Raw data

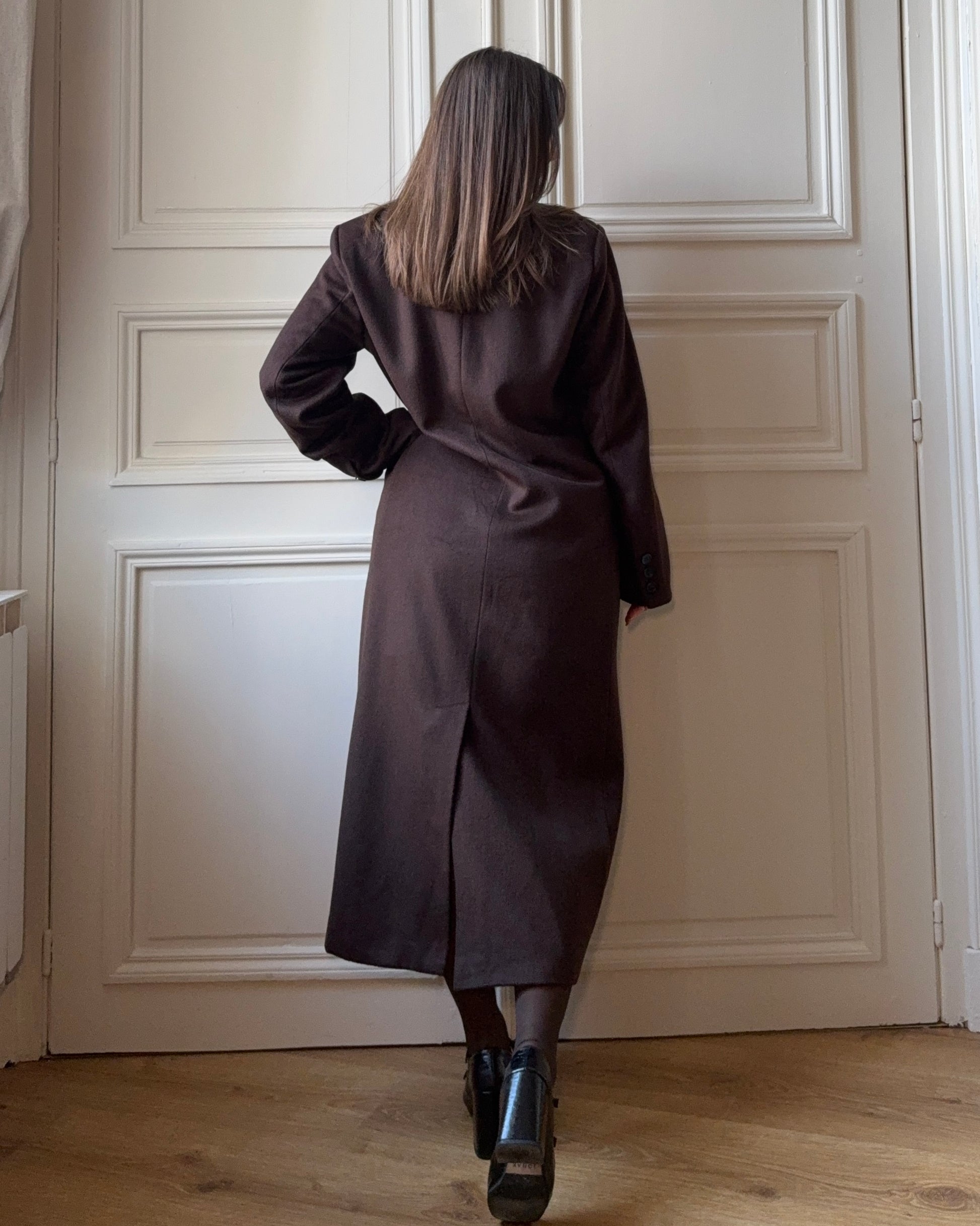 Ce manteau long marron se distingue par sa coupe masculine et ses épaules légèrement larges, offrant une silhouette moderne et structurée. Il se ferme à l’aide de boutons et apporte une allure élégante et affirmée, parfaite pour les tenues de ville ou les occasions plus habillées.
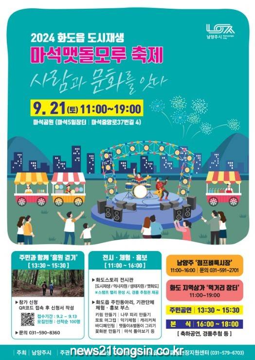 남양주시(시장 주광덕)는 오는 21일 마석공원(마석5일장터)에서 ‘2024 화도읍 도시재생 마석맷돌모루 축제’를 개최한다고 6일 밝혔다.
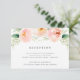 Projetado para combinar com nossa coleção de casamento Airy Floral, este cartão de recepção floral exuberante apresenta um spray de flores e folhas em aquarela pastel em tons de pêssego e verde menta, com os detalhes da recepção, horário e endereço.

Exercise objective
Print all the lines above exactly as they are, but without the pictures.

Written response
 Ce manteau long marron se distingue par sa coupe masculine et ses épaules légèrement larges, offrant une silhouette moderne et structurée. Il se ferme à l’aide de boutons et apporte une allure élégante et affirmée, parfaite pour les tenues de ville ou les occasions plus habillées.
 남양주시(시장 주광덕)는 오는 21일 마석공원(마석5일장터)에서 ‘2024 화도읍 도시재생 마석맷돌모루 축제’를 개최한다고 6일 밝혔다.
 Projetado para combinar com nossa coleção de casamento Airy Floral, este cartão de recepção floral exuberante apresenta um spray de flores e folhas em aquarela pastel em tons de pêssego e verde menta, com os detalhes da recepção, horário e endereço.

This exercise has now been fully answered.